DATA LISTING:

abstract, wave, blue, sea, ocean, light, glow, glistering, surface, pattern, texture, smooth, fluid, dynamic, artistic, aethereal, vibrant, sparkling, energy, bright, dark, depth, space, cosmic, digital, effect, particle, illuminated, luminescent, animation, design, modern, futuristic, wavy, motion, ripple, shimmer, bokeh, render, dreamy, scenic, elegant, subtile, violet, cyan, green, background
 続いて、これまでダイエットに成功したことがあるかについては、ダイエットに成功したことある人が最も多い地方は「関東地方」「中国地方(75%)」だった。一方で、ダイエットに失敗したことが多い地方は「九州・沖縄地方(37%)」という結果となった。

---

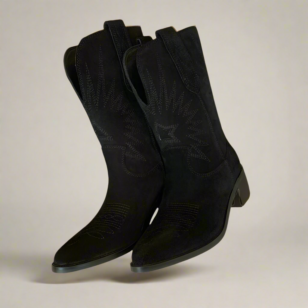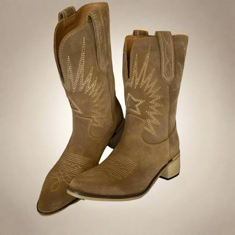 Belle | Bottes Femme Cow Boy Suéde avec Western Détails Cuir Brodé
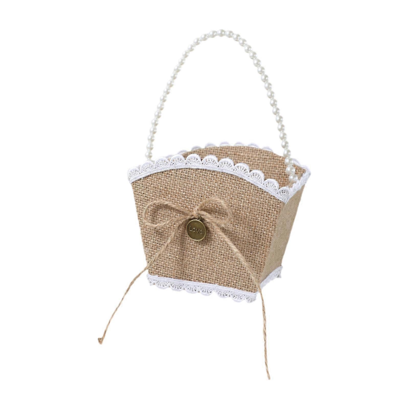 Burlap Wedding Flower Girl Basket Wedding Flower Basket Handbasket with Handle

EXERCISE REQUIREMENTS:
Transcribe, word for word, the stretch of lines in the data above from the one with "Belle | Bottes" through the one with "Burlap Wedding Flower"; omit all pictures.

ANSWER SPACE:
 Belle | Bottes Femme Cow Boy Suéde avec Western Détails Cuir Brodé
 Burlap Wedding Flower Girl Basket Wedding Flower Basket Handbasket with Handle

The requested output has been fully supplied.